In his early paintings, Diego Velázquez quickly gained command of light and darkness, as demonstrated in some of his bodegones, centred on fast food catering, typically in taverns and at the roadside.

The most impressive of these early paintings is Old Woman Frying Eggs from 1618. Velázquez includes a wide range of reflective and transparent objects to demonstrate his skills, and his handling of shadows looks impressive. He has manipulated the light carefully to minimise the interference of cast shadows without pushing too far into optical impossibility, and follows the convention of lighting the scene from high on the left.

The Waterseller (of Seville) from about 1620 is another of Velázquez’s finest early works. The face of the waterseller shown in profile is expertly modelled, and the glass and pottery lifelike, with shade and shadow giving the two large flasks their distinctive form.
Once he started painting portraits at court, though, shade and shadow became enemies.

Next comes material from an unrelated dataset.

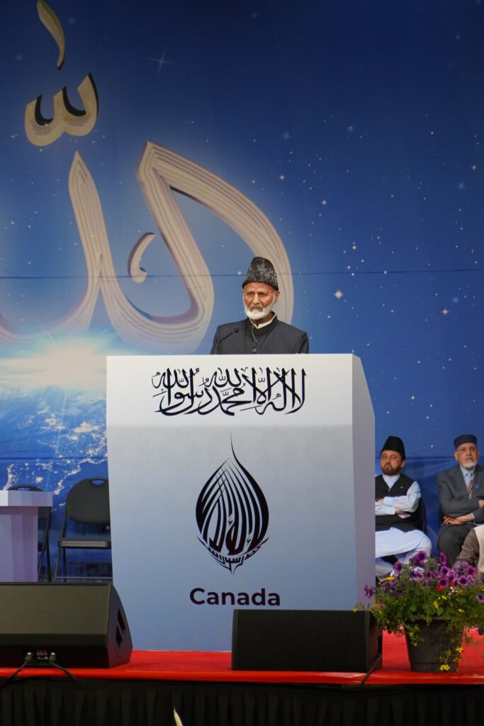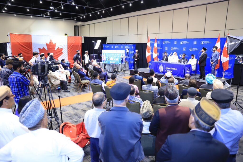 آج بتاریخ ۱۴؍جولائی ۲۰۲۳ء بروز جمعۃ المبارک جماعت احمدیہ کینیڈا کے ۴۵ویں جلسہ سالانہ کا پہلا روز ہے۔ یہ جلسہ کینیڈا کے سب سے بڑے شہر ٹورانٹو سے مُتَّصِل مِسسِّی ساگا شہر کے معروف انٹرنیشنل سنٹر میں منعقد ہورہا ہے۔ انٹرنیشنل سنٹر بنیادی طور پر بہت بڑی تقریبات، نمائشوں اور تجارتی میلوں کے لیے استعمال ہوتا ہے۔ یہ ٹورانٹو پیئرسن انٹرنیشنل ائرپورٹ کے بالمقابل ائرپورٹ روڈ پر واقع ہے جس سے دوسرے ممالک اور دوردراز کے شہروں سے آنے والے شاملین کو بہت سہولت رہتی ہے۔ نیز ٹورانٹو، مسسی ساگا، برمپٹن جیسے قریبی شہروں کے لیے مقامی بسوں اور صوبہ اونٹاریو کے دیگر شہروں سے GO ٹرین کے ذریعہ عوام بغیر کسی دِقت کے ان پروگراموں میں شامل ہوسکتے ہیں۔ آج دن کا آغاز صبح چار بجے مقامی مساجد میں باجماعت نمازِ تہجد سے ہوا جس کے بعد پونے پانچ بجے نماز فجر ادا کی گئی نیز درس دیے گے۔ جلسہ گاہ کو گذشتہ ایک ہفتہ سے جلسہ کے لیے تیار کیا جارہا تھا اور آج بھی صبح سے سینکڑوں رضاکار جلسہ گاہ کے اندر اور باہر ہر چیز دوبارہ اور سہ بارہ چیک کررہے ہیں کہ کوئی کمی نہ رہ جائے۔ کار پارکنگ کا وسیع انتظام ہے۔ سینکڑوں رضاکار مختلف شعبوں میں ڈیوٹی دے رہے ہیں۔ تمام شاملین کے لیے کھانا مشن ہاؤس سے ملحقہ لنگرخانہ سے تیار ہوکر ٹرکوں میں انٹرنیشنل سنٹر آتا ہے۔ جہاں پر اس کے معیار کو چیک کیا جاتا ہے کہ آیا وہ مقامی قوانین کے تمام تقاضوں پر پورا اترتا ہے۔ مہمانوں کی آمد گیارہ بجے سے ہی شروع ہوگئی تھی۔ 12:25 پر نمازِ جمعہ کے لیے پہلی اذان دی گئی جبکہ اس کے معاً بعد حضرت خلیفۃ المسیح الخامس ایدہ اللہ تعالیٰ بنصرہ العزیز کا آج کا خطبہ جمعہ جو ٹورانٹو کے وقت کے مطابق صبح آٹھ بجے براہِ راست نشر ہوا تھا، کو حاضرین کے لیے دوبارہ دکھایا گیا۔ ڈیڑھ بجے مولانا عبدالرشید انور صاحب مشنری انچارج کینیڈا نے خطبہ جمعہ اِرشاد فرمایا اور نمازِ جمعہ پڑھائی۔ جس کے بعد احبابِ جماعت کھانے کے لیے ہال نمبر ۴ میں تشریف لے گئے۔ دریں اثناء جلسہ گاہ میں ایک پریس کانفرنس کا انتظام بھی کیا گیا تھا جس میں مقامی اور قومی ٹی وی چینلز، ریڈیو اسٹیشنز اور اخبارات کے نمائندوں نے شرکت کی۔ مکرم لال خان ملک صاحب امیرجماعت کینیڈا، مکرم محمد شریف عودہ صاحب امیر جماعت ارضِ مقدس (فلسطین و اسرائیل)، مولانا عبدالرشید انور صاحب مشنری انچارج کینیڈا اور مکرم آصف خان صاحب نیشنل سیکرٹری امورِ خارجیہ نے سوالات کے جوابات دیے۔ افتتاحی اجلاس شام پانچ بجے مرکزی نمائندہ مکرم محمد شریف عودہ صاحب نے لوائے احمدیت جبکہ مکرم امیر صاحب کینیڈا نے کینیڈین پرچم لہرایا۔ آج کے پہلے اجلاس کا باقاعدہ آغاز مولانا داود احمد حنیف صاحب پرنسپل جامعہ احمدیہ کینیڈا کی زیر صدارت تلاوتِ قرآن کریم سے ہوا۔ مکرم حافظ راحت چیمہ صاحب نے سورۃ الانعام کی آیات ۹۶ تا ۱۰۰ کی تلاوت کی جس کا انگریزی ترجمہ مکرم طاہر مظہر صاحب نے کیا۔ مکرم توفیق احمد صاحب نے حضرت مسیح موعود علیہ السلام کا منظوم کلام کس قدر ظاہر ہے نور اُس مبدءالانوار کا بن رہا ہے سارا عالم آئینہ ابصار کا ترنم سے سنایا جس کا انگریزی ترجمہ مکرم نایاب احمد چھٹہ نے کیا۔ مکرم امیر صاحب کینیڈا نے اپنے مختصر افتتاحی کلمات میں جلسہ سالانہ کی غرض وغایت بیان کرتے ہوئے نصحیت کی کہ ہمیں چاہیے کہ ان بابرکت ایام میں زیادہ سے زیادہ باجماعت نمازیں ادا کریں، فارغ اوقات میں تسبیح اور درود شریف کا وردّ کرتے رہیں، سلام میں پہل کریں، اپنا محاسبہ کرتے رہیں اور دُعائیں کرتے رہیں۔ اور سب سے بڑھ کر یہاں سے سیکھی ہوئی باتیں واپس جاکر اپنے عزیزو اقارب کو سکھائیں اور اپنی زندگیوں پر مستقل طور پر لاگو کریں۔ حضرت مسیح موعود علیہ السلام نے شاملینِ جلسہ کے لیے بہت دُعائیں کی ہیں اور اس جلسہ میں شامل ہوکر ہم بھی ان خوش نصیب لوگوں کی صف میں کھڑے ہوگئے ہیں جن پر یہ دعائیں لاگو ہوتی ہیں۔ مکرم امیر صاحب کے افتتاحی کلمات کے بعد مکرم نوید احمد منگلا صاحب مربی سلسلہ نے ’’خلافتِ احمدیہ کے ذریعہ توحید

Philip IV, Standing (1624) is one of his first portraits of the monarch, and is recorded as being formally accepted in December 1624. He too is lit from the left, but shadows have been carefully omitted except around his hairline.

That contrasts with this portrait of Mars from about 1639-41, where the god is shown off-guard in a moment of relaxation. Apart from the tip of his nose and the point of his chin, the god’s face is in shadow, and he looks like he just got out of bed after a long siesta.

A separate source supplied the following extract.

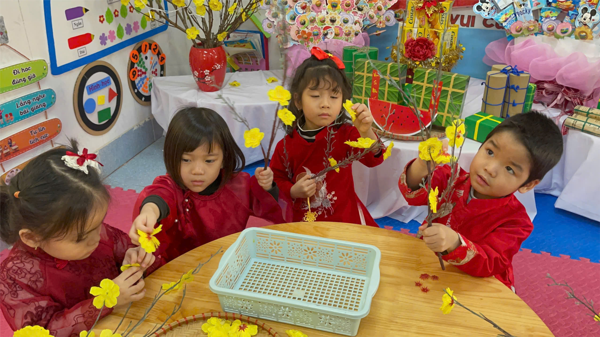 Hoạt động không chỉ giúp các con rèn luyện sự khéo léo, phát triển được vận động tinh, tính sáng tạo... qua đó còn giúp các con hiểu thêm về ý nghĩa của ngày Tết, nuôi dưỡng tình yêu với văn hóa dân tộc.

Shade and shadow in Venus at Her Mirror, also known as the Rokeby Venus, enhance its Venus Effect. With its light cast again from the upper left, the reflected face is lit just as we’d expect, with the right of her face in shade and shadow, which helps convince us that its optically impossible reflection is true.

Back at court in Madrid, Velázquez’s portrait of Queen Mariana (of Austria) painted in 1652-53 carefully avoids shade and shadow, giving her face a flat and dour appearance.
That wasn’t the case for the most famous group portrait of his career, in Las Meninas from about 1656-57.

This is a group portrait of eleven people and a dog in a faithful depiction of a room in the Alcázar Palace. It’s lit from the upper right, probably because of the potential conflict with Velázquez’s large canvas. Best-lit of its figures is the Infanta Margaret Theresa in the front, who is given a minimum of shade and shadow. The maids of honour on either side of her, and the two dwarves on the right, have their fair share of shadow, which accentuates the features of the taller of the two dwarves, and all but obscures the bodyguard in the right background.

This elaborate use of highlight and shadow is even more apparent in this detail of the figures.

Two figures given a prominent and unusual place are the King and Queen, who are shown reflected in a rectangular plane mirror on the far wall. They are lit consistently with their physical presence in the painting, to the immediate left of the viewer. Perhaps this should be termed the Meninas Effect?